Tom shrugged. “Ultimately that’s your call, Tony. But if Ben Said was responsible for Jim McGee’s death, we should have him extradited to the U.S.”
“That means a trial. It means a media circus.”
“What about the French?”
“There’s no death penalty in Europe,” Reuven said.
“Which is why the French will never let him be extradited,” Tom added.
Tony Wyman slid the pen back into his vest. “This is all very preliminary,” he said. “It’s a distraction. Right now I’d like to know Langley’s motivation for throwing a wrench at us.” He looked at the others. “That affects our bottom line, lady and gentlemen.”
“Protection of the status quo,” Tom said. “Everybody keeps their jobs.” He tapped the photos MJ had printed from the video he’d shot in Ben Said’s bomb lab. “Can you imagine how long anybody on the seventh floor would be employed if you took these pictures and showed them to Porter Goss. Goss wants George Tenet’s job bad.”
Tony Wyman gave Tom a wary look. “Porter and I were in the same training class-and we’ve stayed in touch.” Wyman scratched his chin. “As I recall, he was an adequate operator.” He paused. “I agree-he wants Tenet’s job, and having one of our own as DCI could improve the situation at DO. But I’m not in favor of a coup-at least for the present.”
“Why?”
“It’s not in our interests.” Wyman’s voice took on an edginess. “Because we have no resolution, Tom. No bad guys in handcuffs. No bombs for show-and-tell.”

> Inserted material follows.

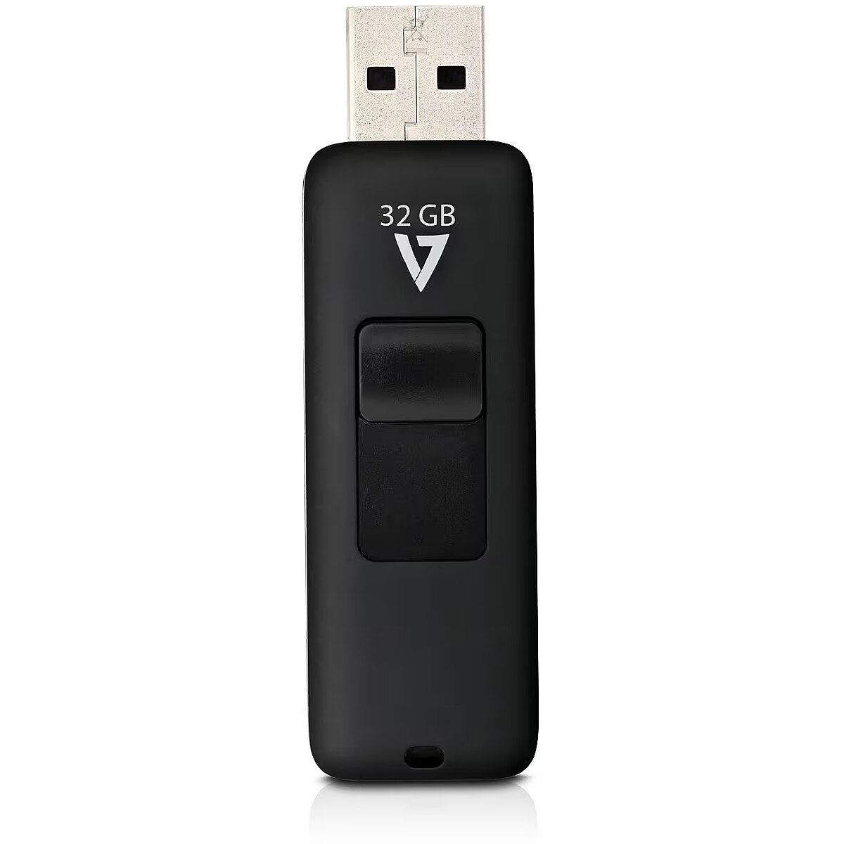 ShortSummaryDescription - V7 VF232GAR-3E, 32 GB, USB Type-A, 2.0, 15 MB/s, Slide, Black
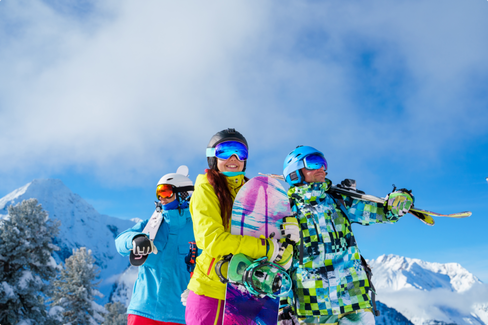 Вы можете приезжать налегке — мы обеспечим вас всем необходимым для катания: лыжами или сноубордом, ботинками, палками, перчатками, горнолыжной маской, шлемом, горнолыжной курткой и брюками.

Wyman was deflecting. Tom couldn’t believe it. “Tony, I’m serious. Look at what’s happening in the press. Langley is leaking like a sieve these days. It’s goddamn unprecedented. All sorts of stories about how the White House cooked the books on Iraq. Stories about how CIA tried to warn the president that there were no WMDs.” Tom slapped the table with the flat of his hand. “It’s all chaff, Tony. Disinformation. What the Sovs used to call active measures. You know it as well as I do. The president asks the DCI whether or not there are WMDs, and the DCI tells him, ‘It’s a slam dunk,’ even though anyone at Langley worth their salt had doubts about the depth of the program. And now the seventh floor is trying to weasel out of the responsibility for giving everyone-everyone from the White House to the Pentagon to State-either bad intelligence or no intelligence at all. This whole rotten situation is about job security, Tony. No more, no less. We should take what we know to Porter Goss and let him run with it.”